Our findings demonstrate that linkage to mental health care has a positive impact on HIV care outcomes among women. Accessible mental health services may serve to improve both mental well-being and progression of these patients along the HIV care cascade, thereby achieving individual and public health goals.

摘要

背景

虽然心理健康问题对艾滋病毒临床结果的负面影响已有充分记录,但心理健康治疗对艾滋病毒治疗流程的影响在很大程度上尚未得到描述。本研究的目的是描述报告使用心理健康服务的患有心理健康状况和症状的女性在艾滋病毒治疗流程中的参与情况,并评估心理健康服务的使用与艾滋病毒治疗步骤之间的关系。

方法

对参加加拿大艾滋病毒女性性与生殖健康队列研究(CHIWOS)(2013 - 2018年)的参与者的纵向数据进行分析,这些参与者在基线时有临床上显著的抑郁症状或报告有心理健康诊断。在这个子集中,在基线、18个月和36个月时定义了四种艾滋病毒治疗状态:(1)未参与治疗(过去一年未就诊于艾滋病毒提供者),(2)未接受抗逆转录病毒治疗(ART)(过去一年就诊于艾滋病毒提供者但未报告当前使用ART),(3)可检测到(报告当前使用ART但病毒载量可检测到)和(4)最佳状态(报告当前使用ART且病毒载量不可检测到)。桑基图用于根据女性在基线时自我报告的心理健康服务使用情况,说明她们在3年中在艾滋病毒治疗流程中的参与情况。使用多项逻辑回归模型分析基线时心理健康服务的使用与治疗状态之间的关联。

结果

在队列中898名基线时有显著抑郁症状或心理健康状况的女性中,3.8%(n = 34)未参与治疗,10.9%(n = 98)未接受ART,12.4%(n = 111)可检测到,72.9%(n = 655)处于最佳状态。
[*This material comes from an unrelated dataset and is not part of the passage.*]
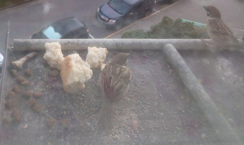 Ко мне на 4-й этаж прилетает на кормушку воробьеныш желторотый со своей мамашей и заставляет эту самую несчастную мамашу себя кормить, она там ему собирает какие-то крошки и зерна и кормит, а он халяву разевает и орёт. В какой то момент он ее достает, она посылает его нахер по-воробьиному и улетает. А эта малолетняя падла еще с полминуты приблизительно орёт, потом смотрит по сторонам, видит что его крики не имеют эффекта нужного и... сам начинает жрать, как взрослый самостоятельный воробей. Потом прилетает опять мамаша и всё по новой. Причем воробьеныш такой, достаточно упитанный и довольно взрослый, потому что, когда я подошел сфоткать эту катрину, он просто улетел. Даааа, совсем молодёжь охреневшая стала, короче.

在36个月期间,51.0%的女性至少有一次在不同状态之间转换。按服务使用情况分层时,在基线时报告使用心理健康服务的女性在整个治疗流程中有更好的参与度,并且在3年中状态转换较少,其中37.2%的转换是向好的治疗状态转变。与未接受ART相比,基线时使用心理健康服务也与处于最佳状态的参与几率显著增加相关(调整后的优势比[aOR]:1.72,95%置信区间[CI]:1.07 - 2.77)。在可检测到的治疗状态中发现了类似但无统计学意义的关联(aOR:1.67,95% CI:0.92 - 3.03)。

结论

我们的研究结果表明,与心理健康护理的联系对女性艾滋病毒治疗结果有积极影响。可获得的心理健康服务可能有助于改善这些患者的心理健康以及在艾滋病毒治疗流程中的进展,从而实现个人和公共卫生目标。